Придя домой, она достала новое постельное белье. Постирала, накрахмалила до хруста, отутюжила.
На следующий день пришла в палату с тюком.
Перестелила постель. На домашних простынях Жорик выглядел гораздо более живым, чем на казенных. Он прикрыл глаза и непонятно чему улыбался. Грета сидела на стуле с прямой спиной и потухшим взглядом.
В палату вошла санитарка и начала водить тряпкой по полу.
— Жених? — спросила она Грету.
— Да.
— Будешь ухаживать?
— Да.
— Сразу видно, что любовь промеж вас.
— С чего это?
— На все мои вопрос в ответ только «да». Если любишь, про «нет» забываешь.

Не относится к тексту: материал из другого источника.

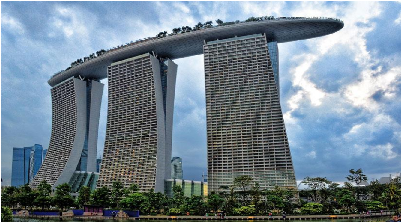
Figure 31 - Marina Bay Sands Resort in Singapore, Canadian architect Moshe Safdie, 2011
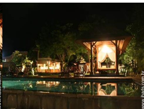
vista a partir da piscina
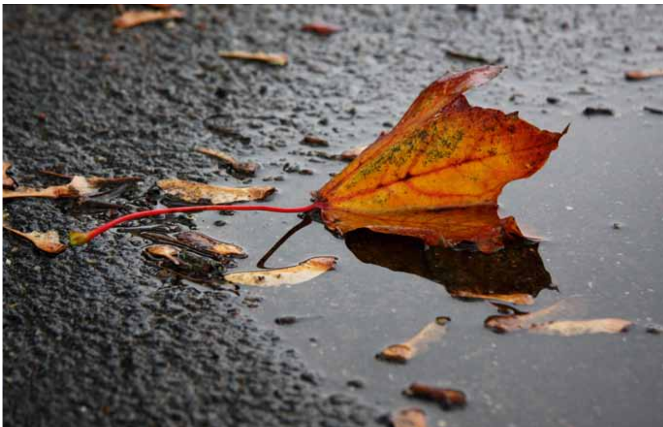
Efteråret set i al sin enkelthed.
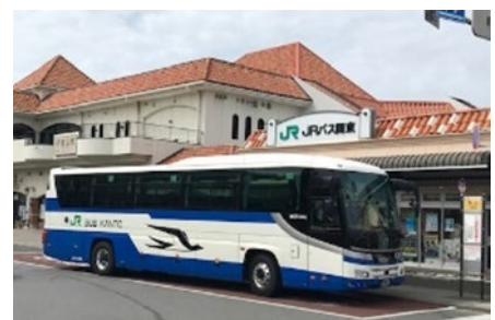
高速バス館山駅到着
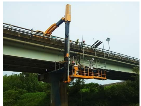
▲国道8号馬渡橋耐震補強その他工事 施工者:ショーボンド建設(株) 京都支店
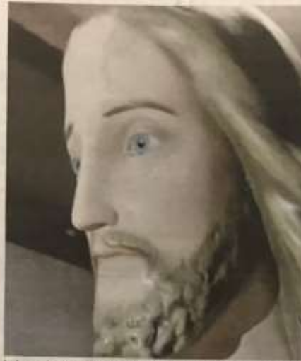
Le immagini di due delle quattro volte in cui la statua avrebbe pianto
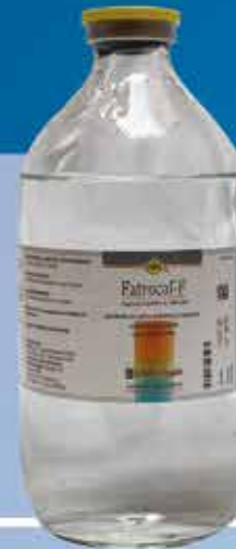
Fatrocal-F® Registro Sagarpa Q-7804-040
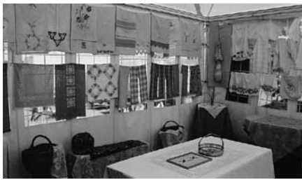
Endisaegsed ja uued köögitekiitid näitusel "Eesti köök läbi mitme sajandi".

Et saada ettekujutust, milline on olnud eesti köök aegade jooksul, otsiti välja ja korjati ümbruskonnast kokku kõikvõimalikke vanaaegseid köögitarbeid. Näitusel olid vanad kohviveskid, petrooleumilambid, puukulbid ja -lusikad, suhkrutoosid, savikausid, vitsi-
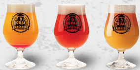
SHANDY DU QUAI 12oz... 8
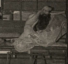
«Нет новости печальнее на свете»

куклы в тазике, совершенно тонут в потоке малоразумительного текста. Главная мысль, конечно, выписывается в конце концов: заботу близких о нас мы ценим только тогда, когда расстаемся с ними, но, право же, об этом можно рассказать более простым и доходчивым языком. А главное, сделать более органичным существование кукол в спектакле.
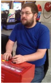
😊 HIMBO 😊
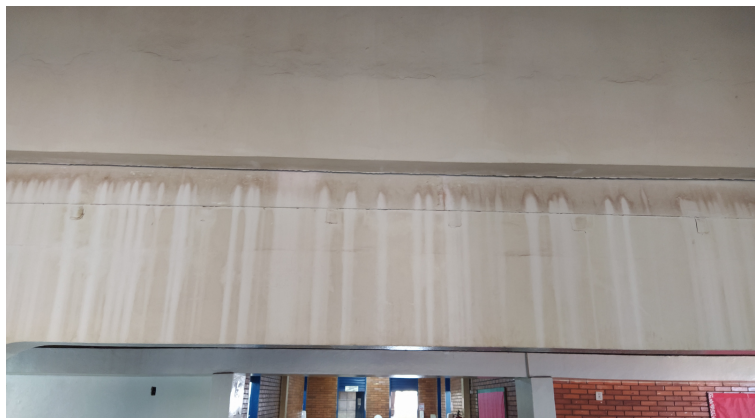
Foto 8 Parede com infiltração
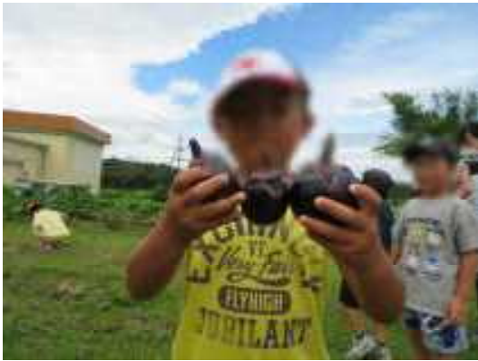
まん丸ナス～親子かな？
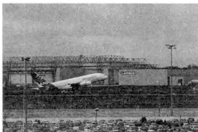
图 00-02 波音 747 飞机

科技在今天飞速发展。能够体现人类设计最尖端技术水平的为航天设计，日常生活中我们可以享受到的设计是飞机 3 。速度是人的本能追求。人类之初，所表达的具象图形之一就是“飞鸟”和“游鱼”，人们用“白驹过隙”形容时间飞逝，汉代的“马踏飞燕”就是人类精神的一种超迈象征，在今天成为“中国旅游”的标志图形。超音速客机 20 世纪 60 年代末就已经问世，如二倍音速的载客协和飞机（Concorde） 4 ，成为人类在大气圈内发展的一个起飞平台。协和飞机退役进入世界各大博物馆，实际上是在隆重纪念人类创造的自由，向往更快的速度和更高的高度。成为时代新标志的是 2007 年试飞成功的“A380 空中客车” 5 ，号称亚音速每小时约 902 公里，载员达 850 人。使续航能力达 15000 公里，比协和飞机飞得更远。亚音速的“波音 747” 6 （图 00-02）早已是民航的日常飞行机种，以 0.85 马赫的速度在 2 万米高度内的空中来回穿梭。载员 416 人续航更大达 13570 公里。飞机的设计以浮力推进定向重心平衡技术为基础。
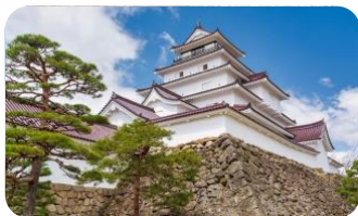
会津若松市鶴ヶ城
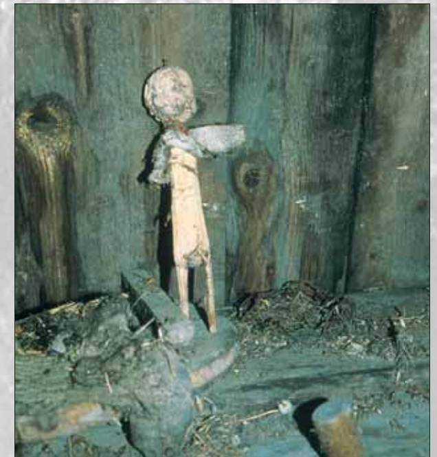
Otroška igrača z glavo baročnega angela

Obnovljeno gospodarsko poslopje ima muzejski in razstavnici namen, saj so v njem predstavljeni kmečko orodje in vozovi, hkrati pa Triglavski narodni park, v katerem leži Pocarjeva domačija.
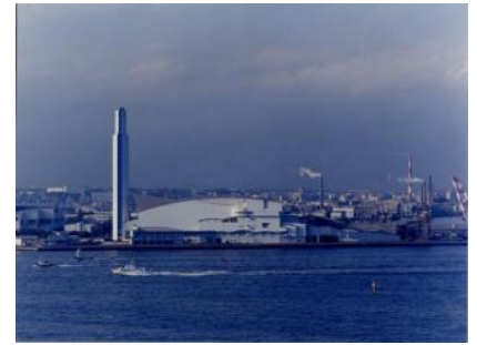
横浜市資源循環局鶴見工場

鶴見工場のごみ処理量は約25万トンで、横浜市全体の約3割を鶴見工場で焼却しています。ごみを燃やすことによって作られた電気は工場内で使用する他、ふれーゆ（プール等）や水再生センターにも送られています。東京ガス横浜テクノステーションには、排ガスから分離回収するCO 2 （主にバイオマス由来）を原料として提供しています。
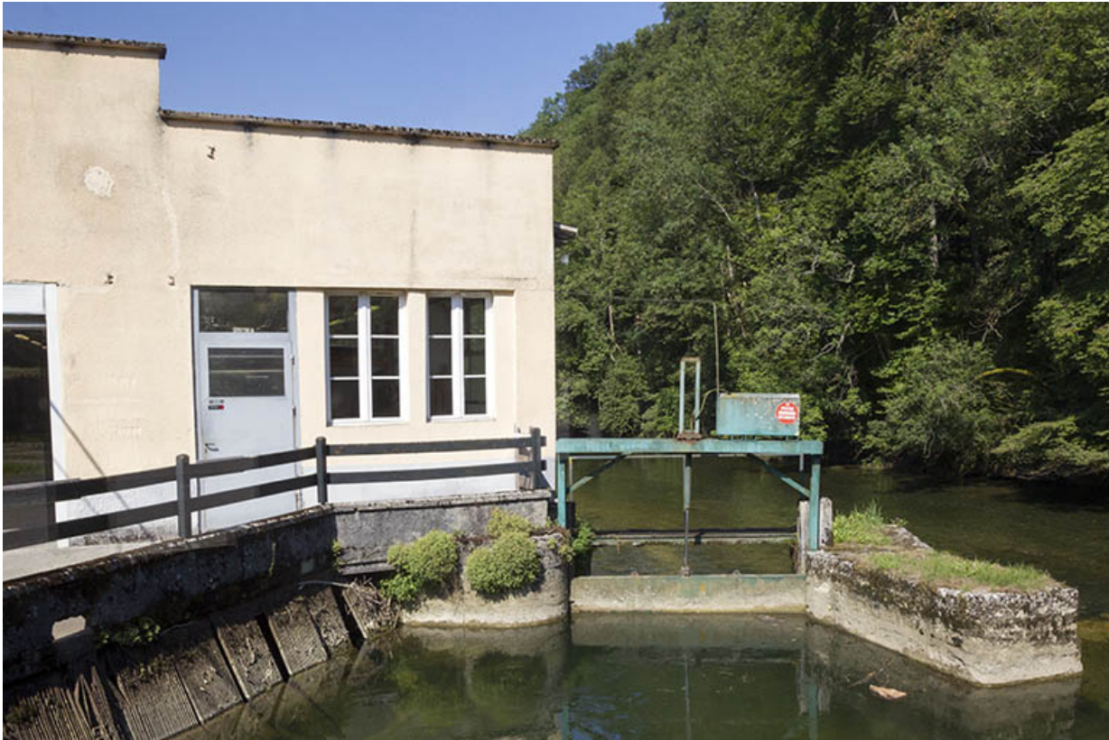
Le bâtiment d'eau et la vanne de décharge.

Грета начала ходить в больницу, как на работу. Она успела поругаться с санитаркой и теперь сама убиралась в палате.
Лето незаметно скатилось в осень и запахло тленом.
Жорика изолировали окончательно. Надели на него маску и отгородили стеклянной дверью.
Грета продолжала приходить каждый день. Она прижималась лбом к стеклу и смотрела на Жорика, а тот все чаще смотрел в никуда.
К зиме его не стало.
Подруги поддерживали Грету. Крахмалили скатерти, покрывали ими стол, заваривали крепкий чай, вино разливали так, что ни капли мимо.
К весне дружно купили боты.
В лес за подснежниками ходили каждые выходные. Никто не отнекивался и не придумывал причин для отказа. Не дело это — пропускать весну. Кто его знает, какие еще катаклизмы могут случиться с погодой?